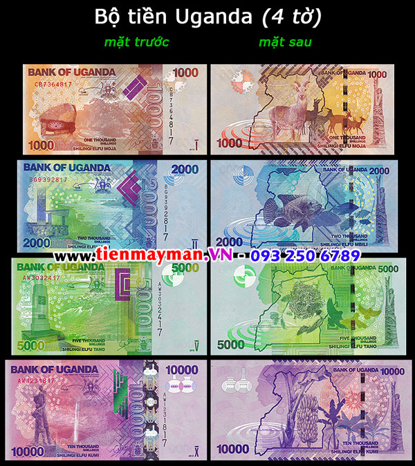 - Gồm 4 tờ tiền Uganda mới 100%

● ● ●

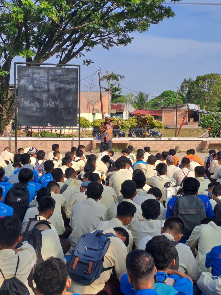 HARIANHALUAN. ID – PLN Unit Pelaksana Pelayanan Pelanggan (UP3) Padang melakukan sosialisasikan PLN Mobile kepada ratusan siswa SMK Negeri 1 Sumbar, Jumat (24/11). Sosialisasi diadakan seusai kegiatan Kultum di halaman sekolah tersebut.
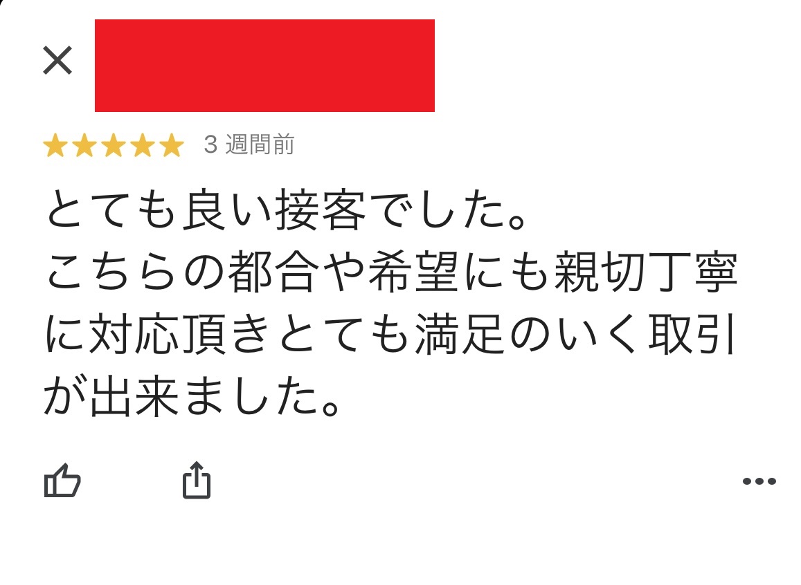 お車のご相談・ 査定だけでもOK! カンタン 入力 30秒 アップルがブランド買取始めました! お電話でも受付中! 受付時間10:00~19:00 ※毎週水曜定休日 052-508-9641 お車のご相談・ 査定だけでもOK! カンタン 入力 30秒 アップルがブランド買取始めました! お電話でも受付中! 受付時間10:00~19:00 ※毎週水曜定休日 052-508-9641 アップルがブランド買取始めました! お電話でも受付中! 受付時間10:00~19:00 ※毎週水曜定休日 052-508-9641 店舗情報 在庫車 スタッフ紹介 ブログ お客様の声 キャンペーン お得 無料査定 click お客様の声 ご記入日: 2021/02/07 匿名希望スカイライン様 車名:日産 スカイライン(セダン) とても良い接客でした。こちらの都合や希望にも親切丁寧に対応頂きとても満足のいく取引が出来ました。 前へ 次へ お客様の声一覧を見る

● ● ●

WORK TASK — With pictures omitted, repeat the entries above word for word from the line holding "HARIANHALUAN. ID –" down to the line holding "前へ 次へ お客様の声一覧を見る", keeping both of those lines.

RESULT FOR THIS EXERCISE —
 HARIANHALUAN. ID – PLN Unit Pelaksana Pelayanan Pelanggan (UP3) Padang melakukan sosialisasikan PLN Mobile kepada ratusan siswa SMK Negeri 1 Sumbar, Jumat (24/11). Sosialisasi diadakan seusai kegiatan Kultum di halaman sekolah tersebut.
 お車のご相談・ 査定だけでもOK! カンタン 入力 30秒 アップルがブランド買取始めました! お電話でも受付中! 受付時間10:00~19:00 ※毎週水曜定休日 052-508-9641 お車のご相談・ 査定だけでもOK! カンタン 入力 30秒 アップルがブランド買取始めました! お電話でも受付中! 受付時間10:00~19:00 ※毎週水曜定休日 052-508-9641 アップルがブランド買取始めました! お電話でも受付中! 受付時間10:00~19:00 ※毎週水曜定休日 052-508-9641 店舗情報 在庫車 スタッフ紹介 ブログ お客様の声 キャンペーン お得 無料査定 click お客様の声 ご記入日: 2021/02/07 匿名希望スカイライン様 車名:日産 スカイライン(セダン) とても良い接客でした。こちらの都合や希望にも親切丁寧に対応頂きとても満足のいく取引が出来ました。 前へ 次へ お客様の声一覧を見る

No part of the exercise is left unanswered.